- Pinedale Location within New Mexico Pinedale Location within the United States
- Coordinates: 35°36′14.2″N 108°26′50.8″W﻿ / ﻿35.603944°N 108.447444°W
- Country: United States
- State: New Mexico
- County: McKinley
- Established: December 5, 1955

Government
- • Type: Chapter government

Area
- • Total: 10.32 sq mi (26.72 km^{2})
- • Land: 10.31 sq mi (26.70 km^{2})
- • Water: 0.0077 sq mi (0.02 km^{2})
- Elevation: 7,166 ft (2,184 m)

Population (2020)
- • Total: 485
- • Density: 47.0/sq mi (18.16/km^{2})
- FIPS code: 35-57160
- GNIS feature ID: 2806727
- ZIP Code: 87311 (Church Rock)

= Pinedale, New Mexico =

Human settlement in McKinley County, New Mexico

Pinedale (also spelled Pine Dale) (') is an unincorporated community and census-designated place (CDP) in McKinley County, New Mexico, United States. As of the 2020 census, it had a population of 485.

==Geography==
Pinedale is in west-central McKinley County, 14 mi by road northeast of Church Rock and 22 mi northeast of Gallup, the county seat. It is served by Navajo Route 11.

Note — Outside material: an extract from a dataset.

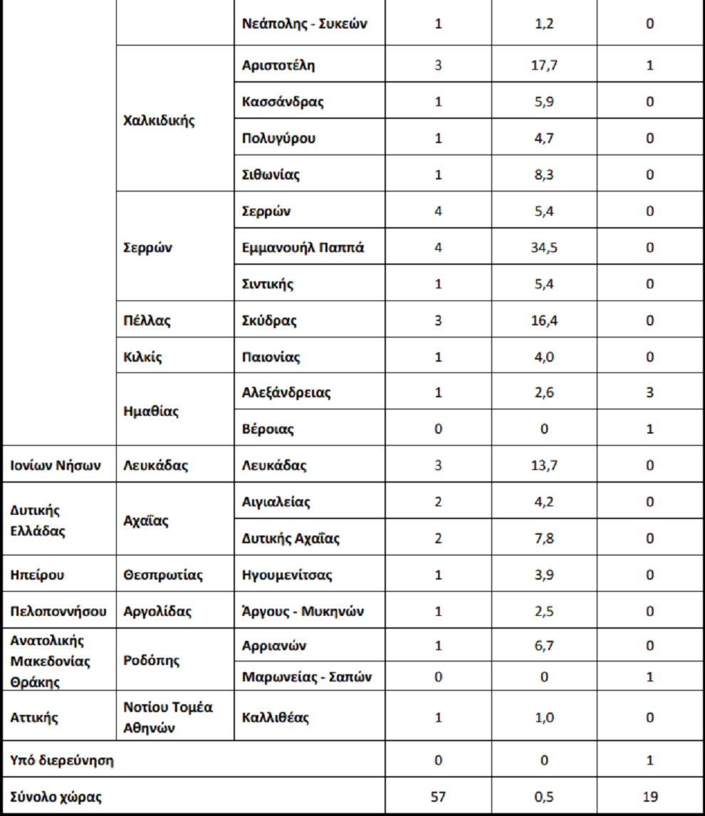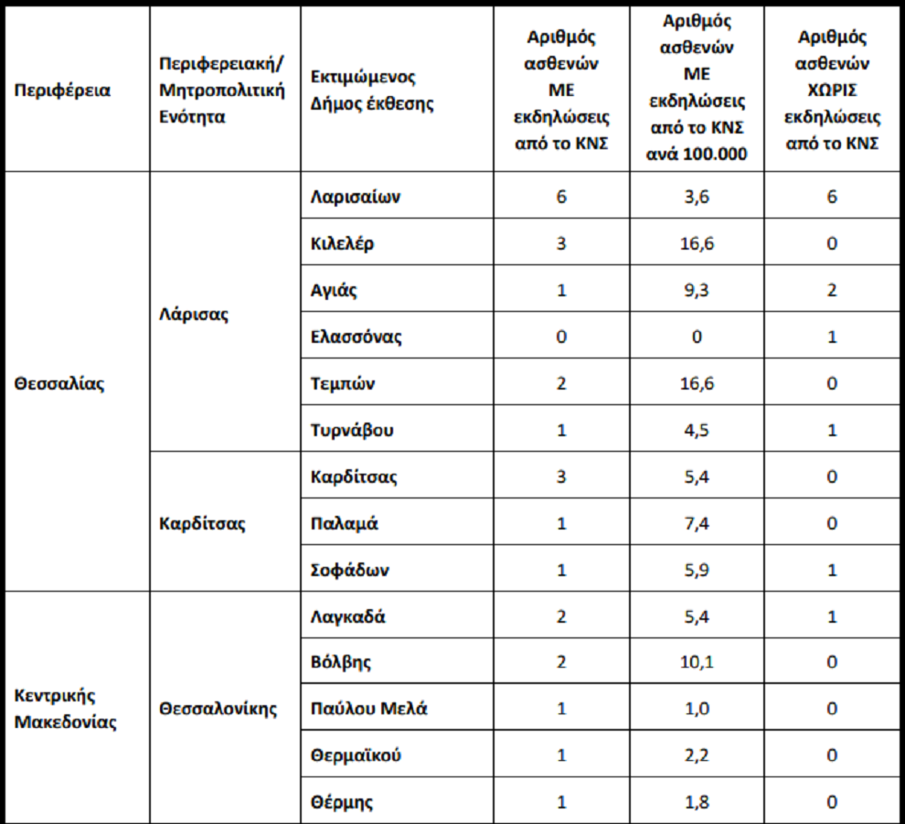 Πίνακας με τις περιοχές που εντοπίστηκαν τα κρούσματα:

According to the U.S. Census Bureau, the Pinedale CDP has a total area of 10.32 sqmi, of which 0.006 sqmi, or 0.06%, are water. The community sits at the northern base of Fallen Timber Ridge and is drained by tributaries of the Puerco River, which flows westward through the northern part of the CDP, leading eventually to Gallup and thence to the Little Colorado River in Arizona.

==Demographics==

Pinedale was first listed as a census-designated place prior to the 2020 census.

Historical population
| Census | Pop. | Note | %± |
| 2020 | 485 |  | — |
U.S. Decennial Census

==Notable people==
Paddy Martinez, the Navajo man who discovered high-grade uranium ore that initiated the Grants, New Mexico, uranium mining boom, was born in Pinedale.

==Education==
Pinedale Chapter is served by three local school systems, they are Gallup-McKinley County Public Schools. BIE operated schools Wingate Elementary School, Mariano Lake Community School, and Wingate High School.